L'île Carn : le domaine du seigneur aux oreilles de cheval

L'île Carn abrite un monument mégalithique funéraire à 3 chambres. Il a été construit environ 4 200 ans avant J.C. Il est donc plus ancien que les pyramides d'Egypte. Bien que légèrement endommagé par les installations militaires allemandes, ce tumulus de 40 mètres de diamètre est tout à fait remarquable. Sa position sur un îlot accessible seulement à marée basse continue à le préserver d'une trop forte fréquentation touristique.


On raconte qu'un château s'élevait autrefois sur l'île Carn. Celui-ci appartenait au seigneur Karn qui était très puissant. Il vivait solitaire sur son île et faisait appel à des jeunes du continent pour le raser et lui couper les cheveux. Mais jamais aucun d'eux ne revenait.
Un beau jour, un garçon intrépide nommé Losthouarn, du village de Pen-ar-Pont, résolut d'être le prochain barbier. Il partit dans un petit bateau avec deux de ses amis du même village, auxquels il recommanda de ne pas trop s'éloigner de l'île.
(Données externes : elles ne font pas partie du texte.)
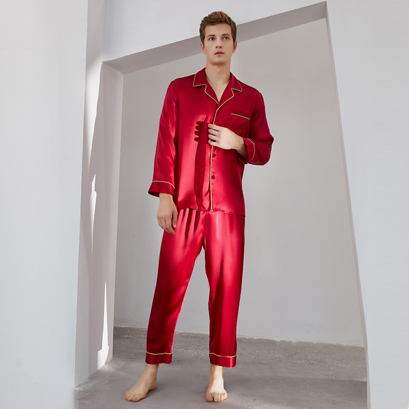 나비 자수 실크 파자마 남자 긴팔 바지 투피스 실크 홈 옷 100% 뽕나무 실크 파자마 세트 남성스토어 가기

Dès qu'il se retrouva en présence du seigneur Karn, ce dernier lui ordonna, d'une voix terrible, de le raser.
En même temps, il ôta sa coiffure et Losthouarn vit que le seigneur avait des oreilles de cheval. Sans s'émouvoir, le jeune homme commença son travail.
Puis, comprenant que tous les autres barbiers avaient été tués de peur qu'ils ne révèlent l'étrange particularité du seigneur, il lui trancha la gorge d'un vigoureux coup de rasoir. Il sortit ensuite du château et put rejoindre ses amis sain et sauf.